**EXERCISE GOAL:**
Using the entries that follow, write out the line containing "Selang LPG Winn", the line containing "29 October 2011;", and every line between them, exactly and nothing else.

**RECORDS:**
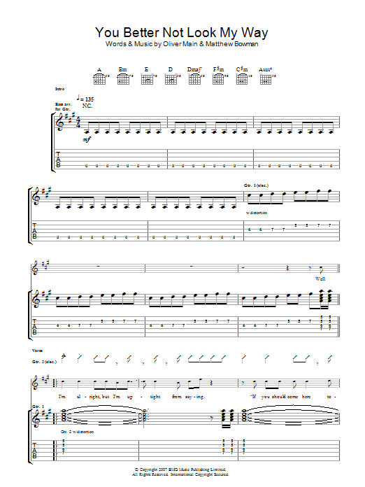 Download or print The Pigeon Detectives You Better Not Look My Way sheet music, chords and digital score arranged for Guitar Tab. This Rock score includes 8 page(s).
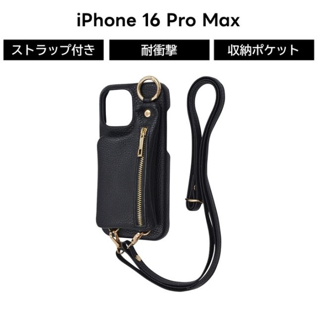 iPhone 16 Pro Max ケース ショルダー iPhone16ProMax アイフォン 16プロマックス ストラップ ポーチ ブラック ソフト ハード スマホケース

--

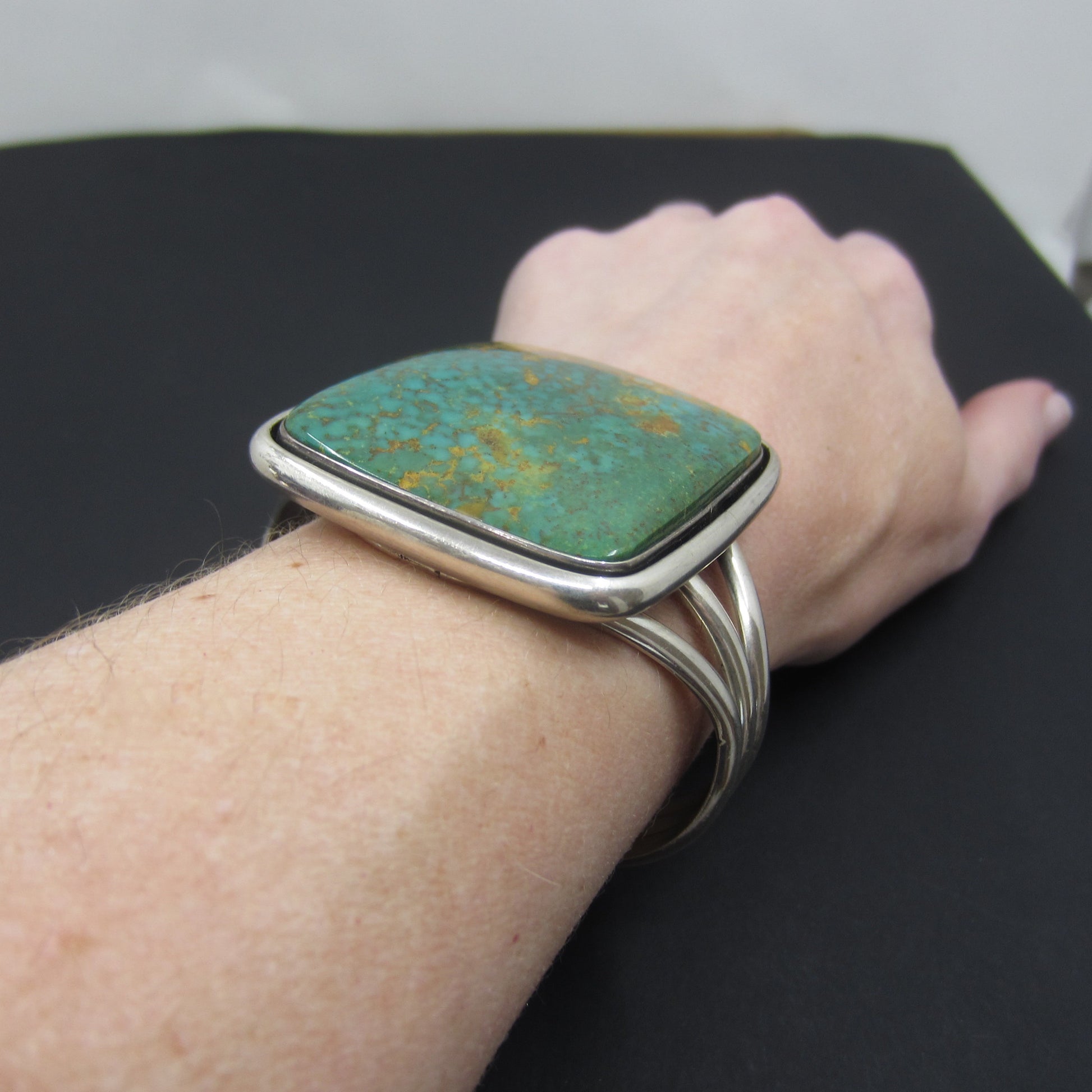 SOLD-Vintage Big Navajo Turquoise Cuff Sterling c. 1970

==

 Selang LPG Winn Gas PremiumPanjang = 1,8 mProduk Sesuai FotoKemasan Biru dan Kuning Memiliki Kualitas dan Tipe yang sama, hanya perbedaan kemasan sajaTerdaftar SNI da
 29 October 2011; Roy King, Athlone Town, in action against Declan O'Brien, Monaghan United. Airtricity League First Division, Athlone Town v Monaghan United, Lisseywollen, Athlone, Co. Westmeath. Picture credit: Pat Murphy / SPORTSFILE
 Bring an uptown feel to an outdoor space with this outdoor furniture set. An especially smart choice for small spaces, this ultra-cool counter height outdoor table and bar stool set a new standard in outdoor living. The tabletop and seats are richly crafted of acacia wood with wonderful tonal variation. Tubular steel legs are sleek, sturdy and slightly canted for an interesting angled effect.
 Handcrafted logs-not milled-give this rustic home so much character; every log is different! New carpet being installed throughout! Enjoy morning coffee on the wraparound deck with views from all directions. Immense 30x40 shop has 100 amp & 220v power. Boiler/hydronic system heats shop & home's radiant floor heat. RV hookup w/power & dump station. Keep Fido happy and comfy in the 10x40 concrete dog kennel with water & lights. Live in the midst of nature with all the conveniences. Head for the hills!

**PROBLEM SOLUTION:**
 Selang LPG Winn Gas PremiumPanjang = 1,8 mProduk Sesuai FotoKemasan Biru dan Kuning Memiliki Kualitas dan Tipe yang sama, hanya perbedaan kemasan sajaTerdaftar SNI da
 29 October 2011; Roy King, Athlone Town, in action against Declan O'Brien, Monaghan United. Airtricity League First Division, Athlone Town v Monaghan United, Lisseywollen, Athlone, Co. Westmeath. Picture credit: Pat Murphy / SPORTSFILE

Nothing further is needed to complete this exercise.